Bagi warga Dago Elos, kemenangan ini adalah secercah harapan dalam perjuangan panjang yang telah mereka jalani sejak 2016. Saat ini, mereka tengah menyiapkan langkah hukum lanjutan berupa Peninjauan Kembali ke-2 (PK 2) di Mahkamah Agung.

Peninjauan Kembali 2 merupakan jalur hukum luar biasa yang hanya dapat ditempuh jika terdapat bukti baru atau putusan pengadilan yang bertentangan. Jalur merupakan langkah terakhir dalam sistem peradilan yang menjadi peluang hukum terakhir bagi warga untuk melawan dugaan praktik mafia tanah.

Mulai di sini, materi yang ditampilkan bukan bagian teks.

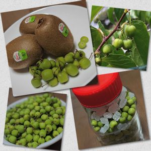 サルナシの実🥝🥝🥝 黒くなったり枯れたりしちゃってる実があったので収穫しちゃった❣️ら…収穫時期は9月から10月だって〜なんですと‼️🤪でも採っちゃったものは仕方ない…サルナシシロップ作ってみるよ🥝✨

Angga, aktivis dari Forum Dago Melawan, menyatakan bahwa vonis pidana terhadap Muller Cs yang telah berkekuatan hukum tetap akan menjadi dasar dalam PK 2. Namun, ia menyoroti keterlambatan Mahkamah Agung dalam menerbitkan salinan resmi putusan.

“Sayangnya, hingga kini salinan resmi putusan dari Mahkamah Agung yang seharusnya sudah dirilis dan dikirim ke Pengadilan Negeri Bandung serta diteruskan ke para pihak, belum juga turun. Ini cukup ganjil, karena dalam hitungan minggu, seharusnya berkas tersebut sudah diterima. Saat ini sudah lebih dari tiga bulan sejak putusan dibacakan, tapi kami belum menerima salinan resminya,” kata Angga dalam pesan singkat yang diterima, Kamis, 12 Juni 2025.

Sambil menunggu, warga Dago Elos aktif mempersiapkan dokumen pendukung PK 2, menggalang dana dari warga terdampak, serta menyusun memori PK bersama kuasa hukum dari LBH Bandung dan LBH Penganyoman UNPAR.

Angga mengatakan, perjuangan warga Dago Elos tidak akan berakhir dengan kekalahan. Langkah ini menjadi bukti bahwa kesadaran kolektif warga, sekaligus cermin dari abainya negara. Bukan hanya oleh warga Dago Elos, tapi juga oleh solidaritas masyarakat luas yang memahami situasi ini dan terus mendukung perjuangan warga yang mempertahankan ruang hidup.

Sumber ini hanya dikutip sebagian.